• _WORK REQUIRED_
From the data underneath, reproduce exactly the stretch that begins at the line with "Кофта женская полуприлегающего" and ends after the line with "Tuurlek binne dy".

• _DATA SUPPLIED_
[Start of section]

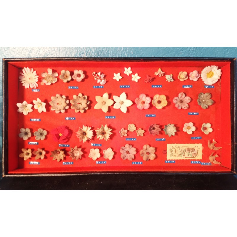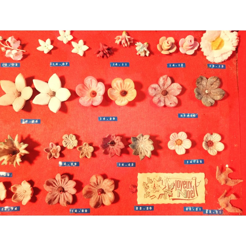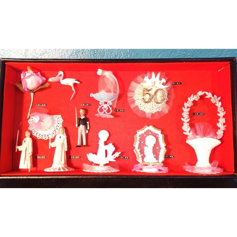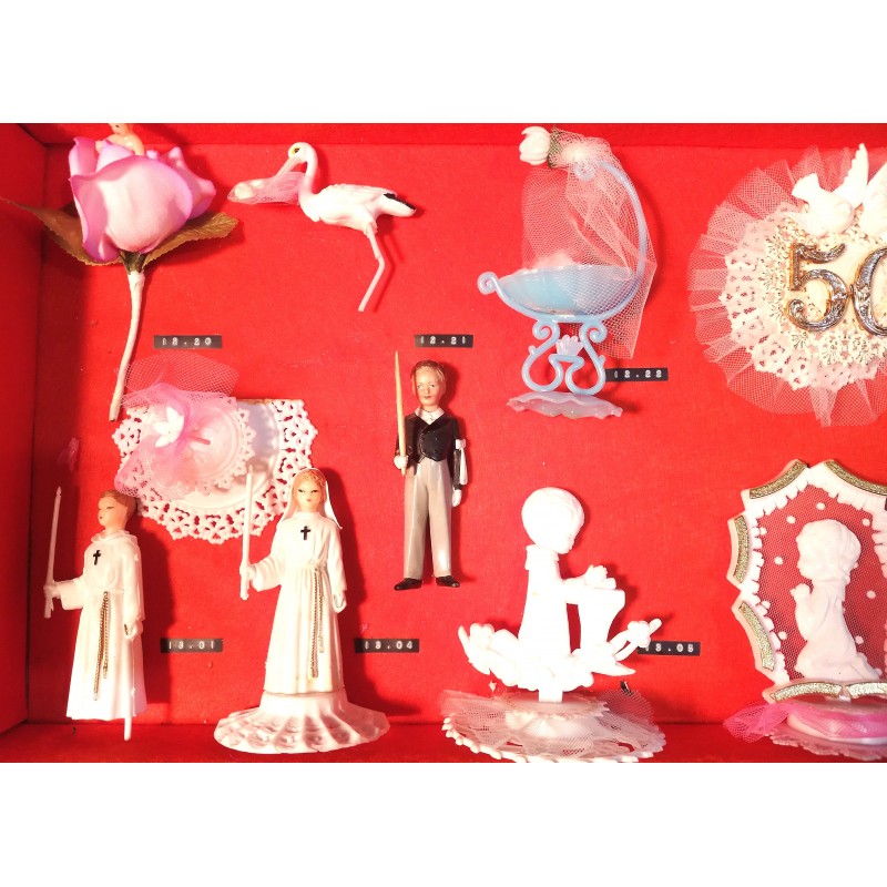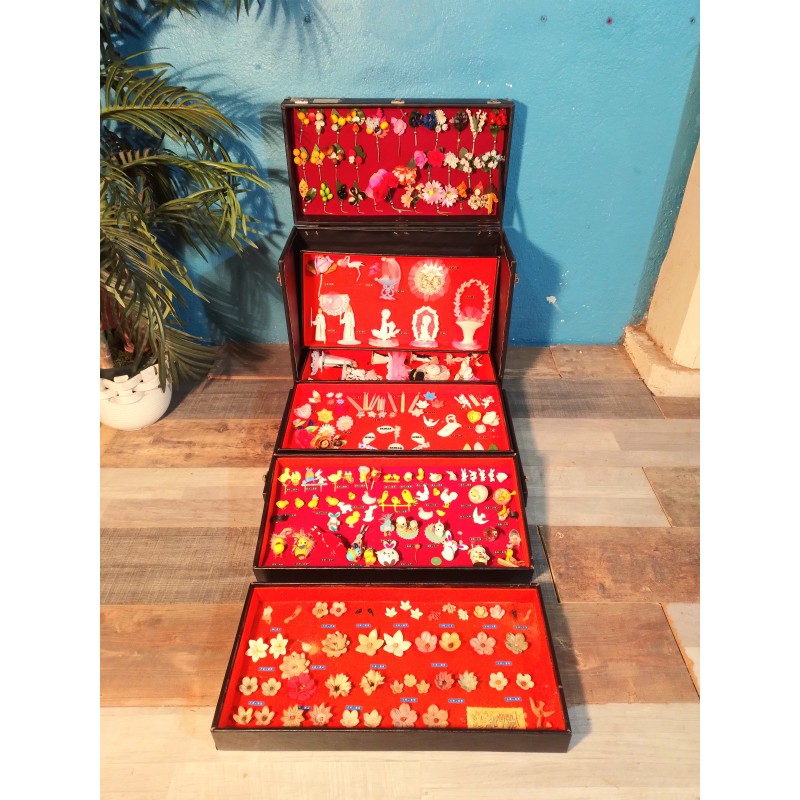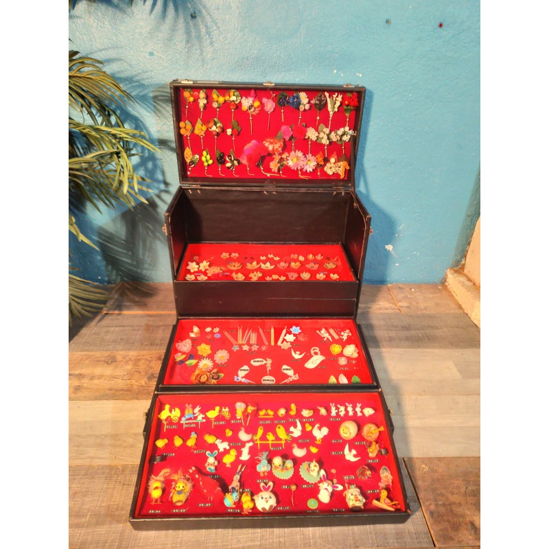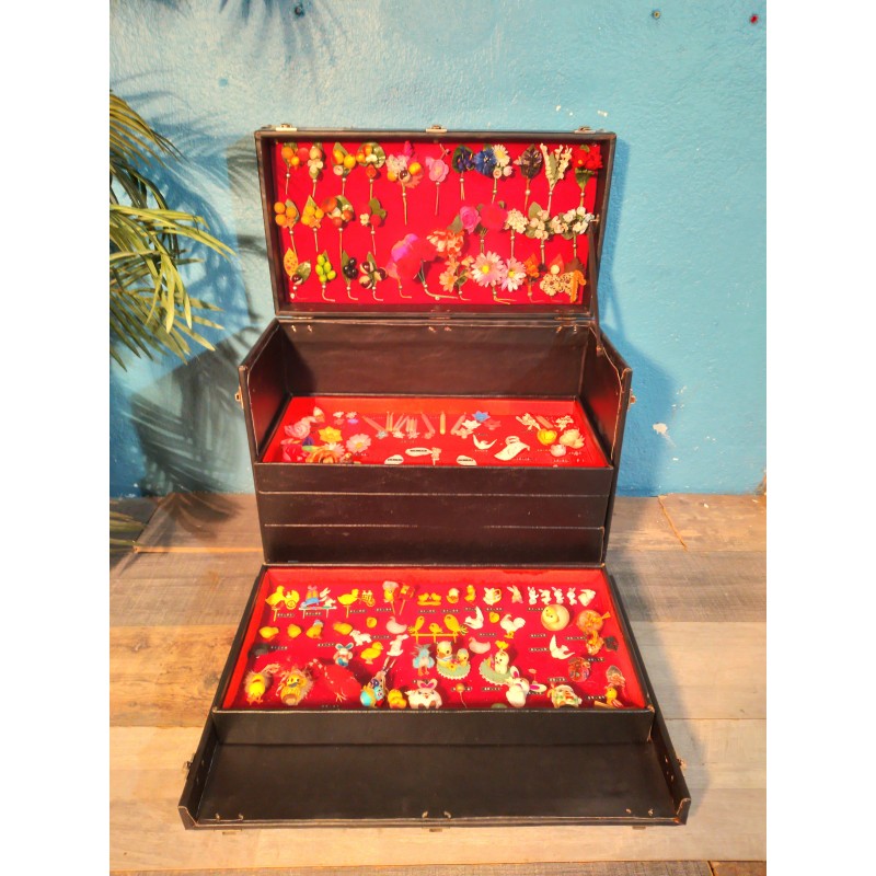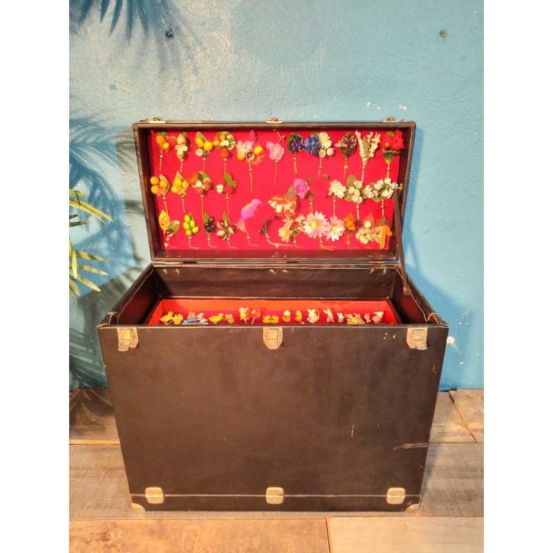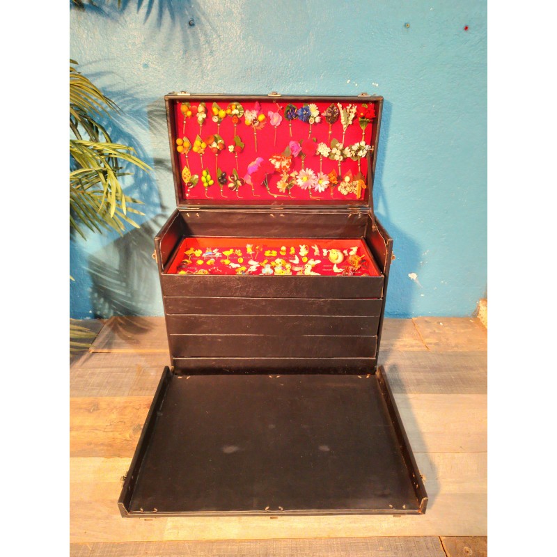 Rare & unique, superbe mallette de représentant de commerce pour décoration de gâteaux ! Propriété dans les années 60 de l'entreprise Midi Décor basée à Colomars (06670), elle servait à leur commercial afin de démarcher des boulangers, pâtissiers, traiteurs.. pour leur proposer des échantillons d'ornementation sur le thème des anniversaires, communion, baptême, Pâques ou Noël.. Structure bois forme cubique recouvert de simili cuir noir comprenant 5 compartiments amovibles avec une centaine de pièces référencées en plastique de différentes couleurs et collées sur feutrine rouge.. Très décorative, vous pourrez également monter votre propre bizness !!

[End of section]
[Start of section]

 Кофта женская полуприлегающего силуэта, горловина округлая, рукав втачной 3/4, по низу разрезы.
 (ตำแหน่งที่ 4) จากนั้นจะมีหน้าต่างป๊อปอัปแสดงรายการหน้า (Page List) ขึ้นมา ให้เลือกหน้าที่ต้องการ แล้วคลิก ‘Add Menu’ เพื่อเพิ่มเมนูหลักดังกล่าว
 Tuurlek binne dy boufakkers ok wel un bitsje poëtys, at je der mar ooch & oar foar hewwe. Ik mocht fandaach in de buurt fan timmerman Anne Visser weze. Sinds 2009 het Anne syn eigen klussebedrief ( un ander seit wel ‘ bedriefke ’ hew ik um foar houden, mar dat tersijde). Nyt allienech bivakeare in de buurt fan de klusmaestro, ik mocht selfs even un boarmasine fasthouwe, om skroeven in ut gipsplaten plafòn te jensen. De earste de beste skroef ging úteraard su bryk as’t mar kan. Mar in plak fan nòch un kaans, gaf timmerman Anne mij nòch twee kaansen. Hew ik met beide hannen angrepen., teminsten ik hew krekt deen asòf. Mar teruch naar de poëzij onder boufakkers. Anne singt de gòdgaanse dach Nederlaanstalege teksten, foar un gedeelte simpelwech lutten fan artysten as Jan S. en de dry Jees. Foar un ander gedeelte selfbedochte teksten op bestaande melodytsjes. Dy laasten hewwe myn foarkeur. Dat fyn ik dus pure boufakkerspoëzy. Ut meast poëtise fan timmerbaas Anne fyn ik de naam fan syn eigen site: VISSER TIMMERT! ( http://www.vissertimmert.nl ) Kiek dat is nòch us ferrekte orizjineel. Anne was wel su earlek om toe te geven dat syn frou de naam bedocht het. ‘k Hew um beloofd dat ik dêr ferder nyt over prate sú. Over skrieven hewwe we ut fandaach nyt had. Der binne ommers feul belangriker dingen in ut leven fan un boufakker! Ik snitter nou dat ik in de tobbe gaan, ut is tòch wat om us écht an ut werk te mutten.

[End of section]

• _YOUR RESPONSE_
 Кофта женская полуприлегающего силуэта, горловина округлая, рукав втачной 3/4, по низу разрезы.
 (ตำแหน่งที่ 4) จากนั้นจะมีหน้าต่างป๊อปอัปแสดงรายการหน้า (Page List) ขึ้นมา ให้เลือกหน้าที่ต้องการ แล้วคลิก ‘Add Menu’ เพื่อเพิ่มเมนูหลักดังกล่าว
 Tuurlek binne dy boufakkers ok wel un bitsje poëtys, at je der mar ooch & oar foar hewwe. Ik mocht fandaach in de buurt fan timmerman Anne Visser weze. Sinds 2009 het Anne syn eigen klussebedrief ( un ander seit wel ‘ bedriefke ’ hew ik um foar houden, mar dat tersijde). Nyt allienech bivakeare in de buurt fan de klusmaestro, ik mocht selfs even un boarmasine fasthouwe, om skroeven in ut gipsplaten plafòn te jensen. De earste de beste skroef ging úteraard su bryk as’t mar kan. Mar in plak fan nòch un kaans, gaf timmerman Anne mij nòch twee kaansen. Hew ik met beide hannen angrepen., teminsten ik hew krekt deen asòf. Mar teruch naar de poëzij onder boufakkers. Anne singt de gòdgaanse dach Nederlaanstalege teksten, foar un gedeelte simpelwech lutten fan artysten as Jan S. en de dry Jees. Foar un ander gedeelte selfbedochte teksten op bestaande melodytsjes. Dy laasten hewwe myn foarkeur. Dat fyn ik dus pure boufakkerspoëzy. Ut meast poëtise fan timmerbaas Anne fyn ik de naam fan syn eigen site: VISSER TIMMERT! ( http://www.vissertimmert.nl ) Kiek dat is nòch us ferrekte orizjineel. Anne was wel su earlek om toe te geven dat syn frou de naam bedocht het. ‘k Hew um beloofd dat ik dêr ferder nyt over prate sú. Over skrieven hewwe we ut fandaach nyt had. Der binne ommers feul belangriker dingen in ut leven fan un boufakker! Ik snitter nou dat ik in de tobbe gaan, ut is tòch wat om us écht an ut werk te mutten.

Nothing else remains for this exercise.